Collected data
━━━━━━━━━━━━━━━━

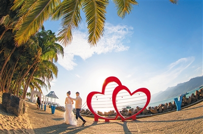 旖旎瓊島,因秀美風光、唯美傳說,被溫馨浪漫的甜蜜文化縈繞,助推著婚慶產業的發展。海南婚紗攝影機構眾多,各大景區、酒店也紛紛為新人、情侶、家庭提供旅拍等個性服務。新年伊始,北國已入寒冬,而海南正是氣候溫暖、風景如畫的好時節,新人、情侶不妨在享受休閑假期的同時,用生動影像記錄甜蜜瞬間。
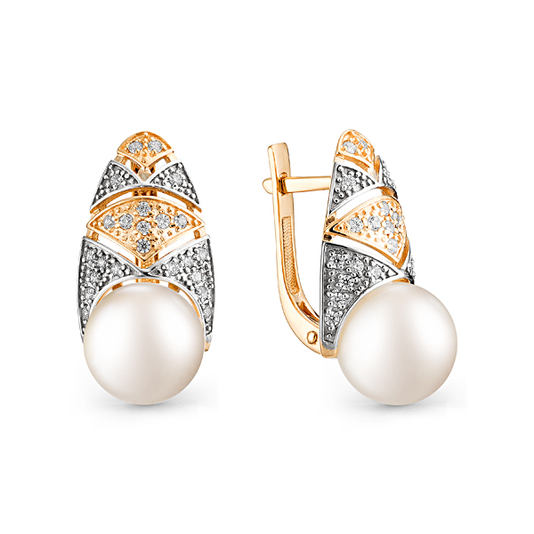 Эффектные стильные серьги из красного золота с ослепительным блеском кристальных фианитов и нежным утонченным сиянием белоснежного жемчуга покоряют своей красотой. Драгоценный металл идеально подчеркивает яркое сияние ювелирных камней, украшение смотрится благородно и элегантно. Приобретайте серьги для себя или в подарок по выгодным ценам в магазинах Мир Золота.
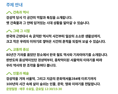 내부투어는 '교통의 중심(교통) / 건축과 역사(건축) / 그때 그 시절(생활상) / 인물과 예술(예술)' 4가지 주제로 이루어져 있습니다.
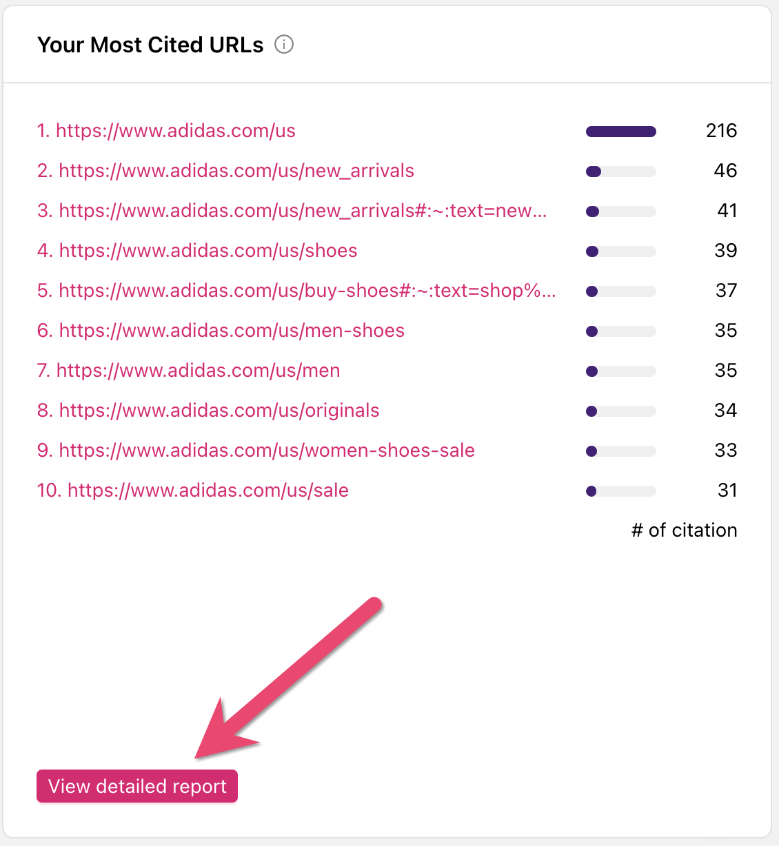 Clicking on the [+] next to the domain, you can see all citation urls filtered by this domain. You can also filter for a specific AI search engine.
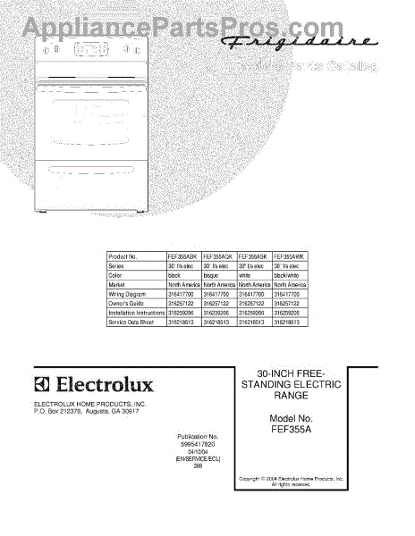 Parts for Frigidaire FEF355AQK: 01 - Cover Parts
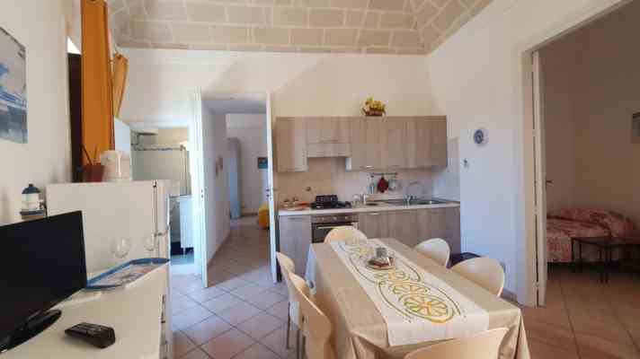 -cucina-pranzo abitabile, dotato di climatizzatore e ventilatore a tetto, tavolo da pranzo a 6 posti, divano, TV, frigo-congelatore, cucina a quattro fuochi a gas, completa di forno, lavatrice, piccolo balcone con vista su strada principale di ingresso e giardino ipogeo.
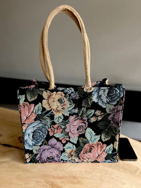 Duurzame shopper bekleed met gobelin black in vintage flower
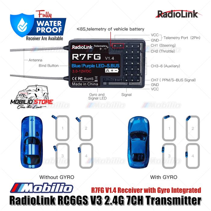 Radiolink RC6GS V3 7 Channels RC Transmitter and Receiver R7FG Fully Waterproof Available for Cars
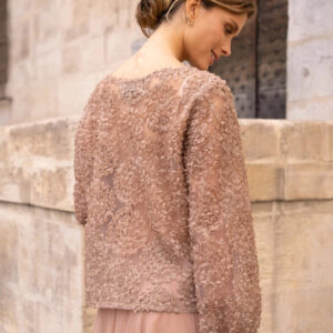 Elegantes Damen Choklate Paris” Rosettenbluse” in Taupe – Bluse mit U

━━━━━━━━━━━━━━━━

→ EXERCISE PROMPT: The expected output is the full data above, reproduced exactly with no images.

→ RESPONSE BOX:
 旖旎瓊島,因秀美風光、唯美傳說,被溫馨浪漫的甜蜜文化縈繞,助推著婚慶產業的發展。海南婚紗攝影機構眾多,各大景區、酒店也紛紛為新人、情侶、家庭提供旅拍等個性服務。新年伊始,北國已入寒冬,而海南正是氣候溫暖、風景如畫的好時節,新人、情侶不妨在享受休閑假期的同時,用生動影像記錄甜蜜瞬間。
 Эффектные стильные серьги из красного золота с ослепительным блеском кристальных фианитов и нежным утонченным сиянием белоснежного жемчуга покоряют своей красотой. Драгоценный металл идеально подчеркивает яркое сияние ювелирных камней, украшение смотрится благородно и элегантно. Приобретайте серьги для себя или в подарок по выгодным ценам в магазинах Мир Золота.
 내부투어는 '교통의 중심(교통) / 건축과 역사(건축) / 그때 그 시절(생활상) / 인물과 예술(예술)' 4가지 주제로 이루어져 있습니다.
 Clicking on the [+] next to the domain, you can see all citation urls filtered by this domain. You can also filter for a specific AI search engine.
 Parts for Frigidaire FEF355AQK: 01 - Cover Parts
 -cucina-pranzo abitabile, dotato di climatizzatore e ventilatore a tetto, tavolo da pranzo a 6 posti, divano, TV, frigo-congelatore, cucina a quattro fuochi a gas, completa di forno, lavatrice, piccolo balcone con vista su strada principale di ingresso e giardino ipogeo.
 Duurzame shopper bekleed met gobelin black in vintage flower
 Radiolink RC6GS V3 7 Channels RC Transmitter and Receiver R7FG Fully Waterproof Available for Cars
 Elegantes Damen Choklate Paris” Rosettenbluse” in Taupe – Bluse mit U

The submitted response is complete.